For Mrs R I bought some cheap RS Indy forks and borrowed the elastomers from that, cut them up and drilled the centres to fit some Pace RC35 forks. Worked okay and only cost me 15 quid!

Any chance of a build thread for the kids’ Zaskar? As you can see from my sig, I have a personal interest!
 
Re:

Thanks for the response. Just read 7 pages of your build thread! Very interesting. Yeah - the bike (20”) version was for sale in the US. Went across with work and brought it back (frame, forks and stem only). Was built with some horrid modern bmx parts but I left them in the states :)

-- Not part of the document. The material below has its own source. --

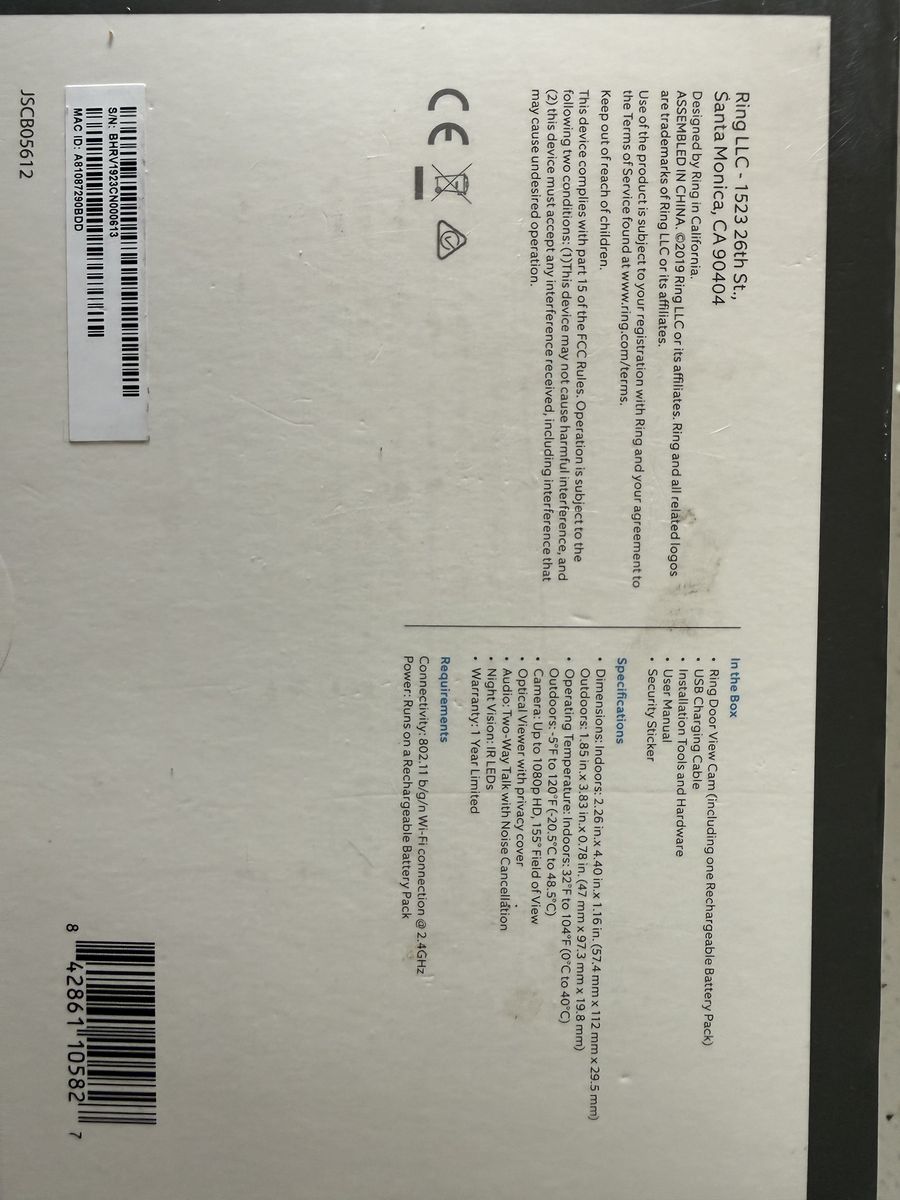 VenmoThis has never been installed. It is a motion activated doorbell and camera that replaces the peephole on your door. HD Video, Two-Way Talking, Impact Sensor, rechargeable battery pack and works with Alexa and an app and sends out notifications.

Have a sweet build planned. Been collecting bits for a while. Think I’m going to run into some issues along the way. Hubs are smaller (rear is 126mm) and retro rims and tyres for a 20” are harder to come by. Might have to borrow from the retro BMX scene a bit unless I can get someone to custom adapt some parts for me. Going to try not to compromise too much. A build thread might be fun. Will set one up.
 
In regards the elastomer I posted this on a thread about Judys recently:
These guys will mould to spec. it's all about the shore rating as you say. I think you want between 40 and 60a but most off the shelf is harder.
http://www.polyurethanemanufacturers.co.uk/index.html
I haven't used them as I made my own spring stacks but I got a quote; from memory it was a 2 week lead time and around £38 for enough to do 1 fork. That was moulded with a centre hole.
Note: I was looking for Manitous but it's the same story.

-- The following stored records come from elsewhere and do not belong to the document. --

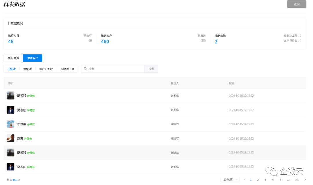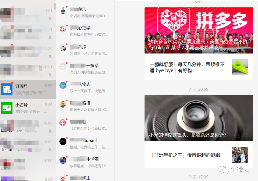 合适的触达渠道 我们服务的一个健身行业的头部客户,过去也跟大部分企业一样,养着小编佛系的运营公众号,有热点就追,平时KPI就是文章的打开率、阅读量、转发率;但真正到活动、课程通知的时候,转化却低的可怜。 结果出乎他们的意料: 50000个公众号粉丝收到活动消息,最终只有 150 +人进入了直播活动群; 10000个企业微信上的好友推送了同样的消息,竟有 760+ 人加入了直播活动群。 如果按比例来算,企业微信的触达效率比公众号高出了 25 倍。 这个数字其实并不意外,试想一下,就算是一个你经常阅读的公众号,推送的内容你会一篇不落的打开吗? 但如果是好友发给你的消息呢? 对于企业来讲,有时候我们数据不好,活动参与度不够高,很可能不是因为内容不好或者粉丝没需求,而是没有选择好合适的用户触达渠道。对于产品更新、活动预告这类通知类信息来讲,企业微信群发的触达率无疑比公众号更高效,原因有二: 1.客户收到我们企业微信的推送时,在客户微信端就跟普通好友发来消息的呈现是一致的,不会下意识忽视; 2.公众号分为订阅号和服务号,订阅号推送会被淹没在订阅号的信息栏里; 订阅号消息繁多杂乱 而如果客户是从服务号收到推送,往往也认为是营销或者广告信息,默认采取的是忽略的态度。 并不是让大家放弃公众号,公众号和企微客户池一定是要结合的,企微群发的影响力是瞬间的,而公众号属于厚积薄发,有更长尾的曝光。微信生态的各个工具各司其职,企业应根据内容性质和目的选择最合适的触达渠道。 精准筛选 个性触达 群发获得效果后,健身房有了更高的需求,他们想面向减脂和增肌需求、并根据会员健身阶段、消费水平的高低,分别群发不同的课程预告。这要怎么操作呢? 企微云的群发功能在企业微信原有的能力上做了增强,可以根据添加时间、添加的渠道、标签分层等多个维度来筛选客户,做到个性化的消息触达,并且支持植入多种营销场景如红包、小程序、抽奖插件等。 现在这家健身房每次在直播预告前,都会先群发一个抽奖进行预热,奖品包括送运动水杯、课程代金券等,每分享给一个好友还可以再获得一次抽奖机会。不仅可以在活动前提升用户活跃度,还通过社交分享带来了更多的关注。 发送效果尽在掌握 在公众号推送一篇文章,除了阅读量这个数据外,其他的效果都无从获知。布置公司成员转发文章到朋友圈的任务,结果员工发了“同事可见”。而在客户一侧,究竟谁打开了文章、谁对产品有意向,公司都不清楚,也不能触达客户。 而企微云的群发功能不仅可以查看企业成员发送情况、客户的接受结果,谁看了、看了什么也一目了然,并且可以推送提示销售人员。 今天你群发给客户发送一份文件,有些客户当时可能没有反应,过了几天突然点开了,如果是平时你就白白错过这么好的机会。 但开通企微云后,客户打开文件会第一时间给你发送提醒通知,在聊天侧边栏也会显示客户的浏览内容、时间等信息,抓住时机和客户进一步沟通,就有更高的转化可能。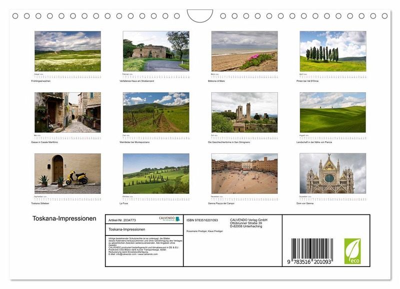 QUALITÄT - Hochwertiger Fotokalender mit 12 wunderschönen Motiven auf lichtbeständigem Bilderdruckpapier, robuste Spiralbindung mit Aufhängebügel.NACHHALTIG - deutliche Abfallreduzierung durch bedarfsgerechte Einzelstückfertigung, umweltfreundliches FSC-zertifiziertes Papier, Produktion in Deutschland, klimabewusste Logistik.PERFEKTES GESCHENK - Kalender für Freunde und Familie, für Kinder und Erwachsene, jung und alt, zu Weihnachten, Geburtstag oder zwischendurch.VIELFALT - Bildkalender in verschiedenen Formaten, z.B. DIN A5, DIN A4, DIN A3 sowie DIN A2. Ob Naturmotiv, Gemälde oder Fotos, ideal für ein persönliches Wohlfühlambiente.Flache Ebenen und sanfte Hügel prägen das Bild der Toskana. von Autor(in): Rosemarie Prediger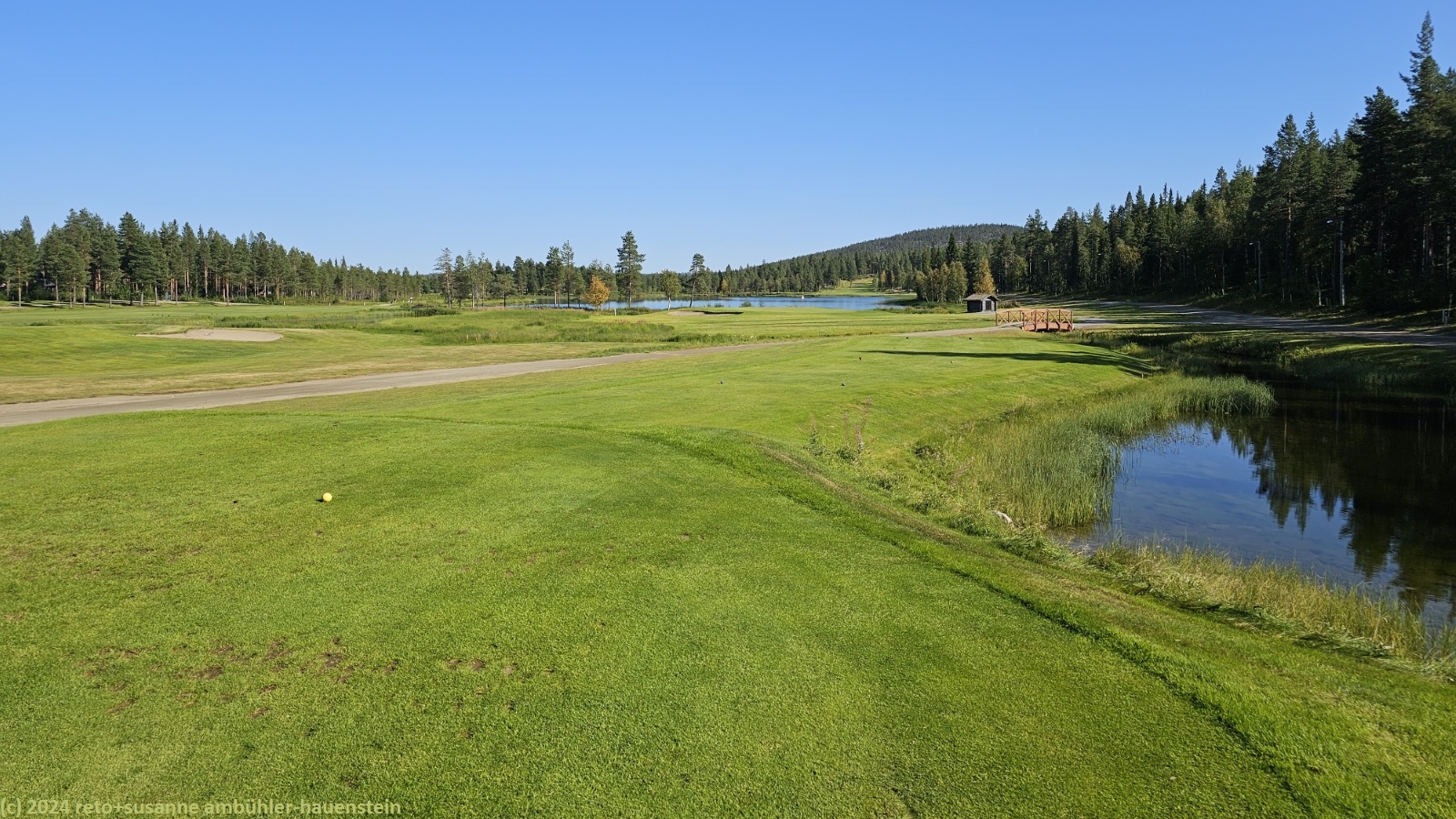 hier erreicht uns die nachricht, dass die akkus definitiv nicht mehr auffindbar seien. das ist sehr enttäuschend, hatte man uns doch versprochen, sie bis ende august aufzubewahren. (anmerkung: nach einigem hin und her vergütet die firma, welche für die gepäckabfertigung an den finnischen flughäfen zuständig ist, einen ordentlichen betrag an die unauffindbaren akkus, was wir als grosszügiges entgegenkommen betrachten.) schliesslichen nehmen wir den wanderweg richtung golfplatz unter die füsse. wir wandern auf einem angenehm weichen waldweg und geniessen den schatten. beim skilift draivi hat es eine überraschend grosse baustelle. hier entsteht ein sessellift. die talstation und die masten stehen bereits, die garage für die sessel ist noch im bau. wir setzen uns auf die terrasse des restaurants und trinken etwas. dabei haben wir einen tollen blick auf den hübsch angelegten golfplatz.

regarding the foam; that looks like top/bottom out foam as you'd find on car suspension. I've actually used old top out bumpers from a car and cut then to suit forks in the past. You just need something big enough to cut out the required amount of material, I used old ones which look pretty bad from the outside but were spot on inside (i.e. the material I cut out to use). Maybe a breakers yard have some lying around you can pickup.
 
Or being that it's a kids fork you might be better using a spring instead?
I did that on my lads mini Manitou 3:


I can't remember the dimensions of the springs but I have quite a few of them and 3D printed the spring seats, if you're interested I'm sure I could put something together for not too much money.
 
Ohhh. Kev- that sounds interesting and a great solution. Thank you. I have ordered some soft elastomers and will test but I'm thinking they will still be too hard. I'll keep you informed on how I get on.

In other news - I think the mushy foam bits were top out elastomers? Have seen them in a pace set on ebay any they visually to be made of the same stuff. Makes sense. Anyone know what they might be made from?